Friday, January 25, 2013

I am reading a very intriguing book by Aimee Bender called "The Particular Sadness of Lemon Cake." This quirky piece of fiction tells the story of a young girl Rose who has a gift or maybe a curse of being able to feel the emotions of the person who bakes or cooks a food. She first discovers this on the eve of her ninth birthday when she bites into her mother's home made chocolate lemon cake but can taste the loneliness and despair of the baker.
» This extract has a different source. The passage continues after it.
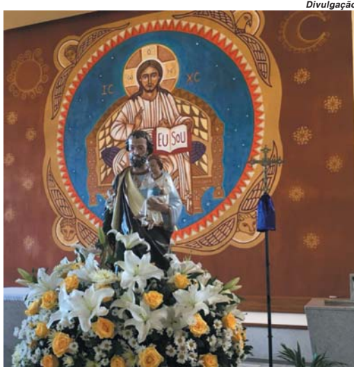
Comunidade festeja São José operário, patrono do trabalhador

(17), após a missa, às 11 horas terá o leilão de gado no estacionamento da igreja. Em seguida na parte festiva acontecerá o almoço no salão paroquial a partir do meio dia quando também será servido o tradicional "porco à paraguaia". Mais da metade dos ingressos que são limitados já havia sido vendidos. No local acontecerá show de prêmios com sorteio de duas bicicletas, um smartphone, um forno microondas e uma churrasqueira pré-moldada.

Wherever she goes she tastes the emotion of those that cooked the food. At a bakery a cookie may feel rushed because the person ran in late to work and then slapped the recipe together. A soup may taste bitter because the employee who cooked it hates their job.

Most of us have examined the emotional connection food has to the eater. We eat when we are sad, happy, anxious, sick - you name the emotion, there is a food connection. But this book got me thinking of emotional/food connection from the other side, from the perspective of the maker.
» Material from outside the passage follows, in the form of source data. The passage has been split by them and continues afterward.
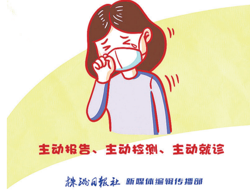
株洲日报社 新媒体编辑传播部
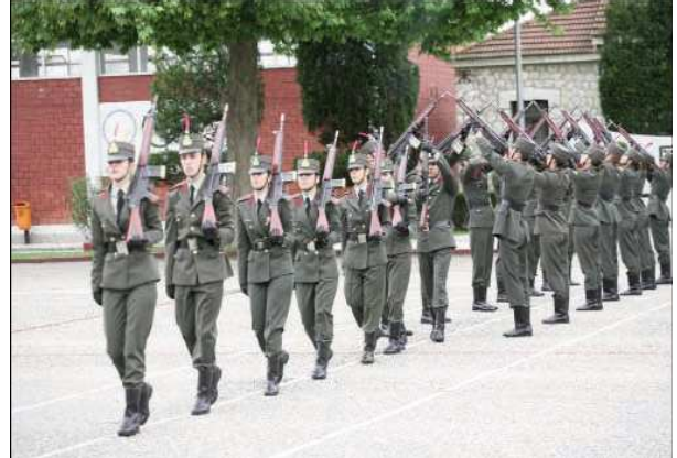
Εικ.99: Διμοιρία Επιδείξεων
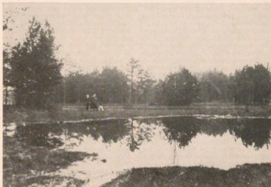
Ein Heideweiher im südlichen Ohlbrock etwa um 1904

Neben den Radtouren und häufigen Besuchen des Ohlbrocks oder anderer Naturgebiete in der Nähe kamen wir dann — wohl auch durch eine Anregung von Vikar Schwirling — auf die Idee, Vögel und kleine Säugetiere auszustopfen. Wir übten nach irgendwie beschaffter Anleitung an Eichelhähern, Elstern und Eichhörnchen,

When I was growing up food had a lot of meaning besides nourishment for my mother. I remember being thin as a young child and my mother being so afraid I was starving that she absolutely stuffed me with food. Later, she was horrified that I was plump, so started dieting me and withholding so called "bad foods". It was so confusingly inconsistent there was the yin and the yang - feed her, her favourites and make her happy, or just give her healthy foods like cottage cheese because she is so heavy. I remember every Sunday our family would go for a drive and a visit to the ice-cream parlour was mandatory. I also remember coming home after being bullied and opening up this large bag of rich chocolates my mom kept in a cupboard.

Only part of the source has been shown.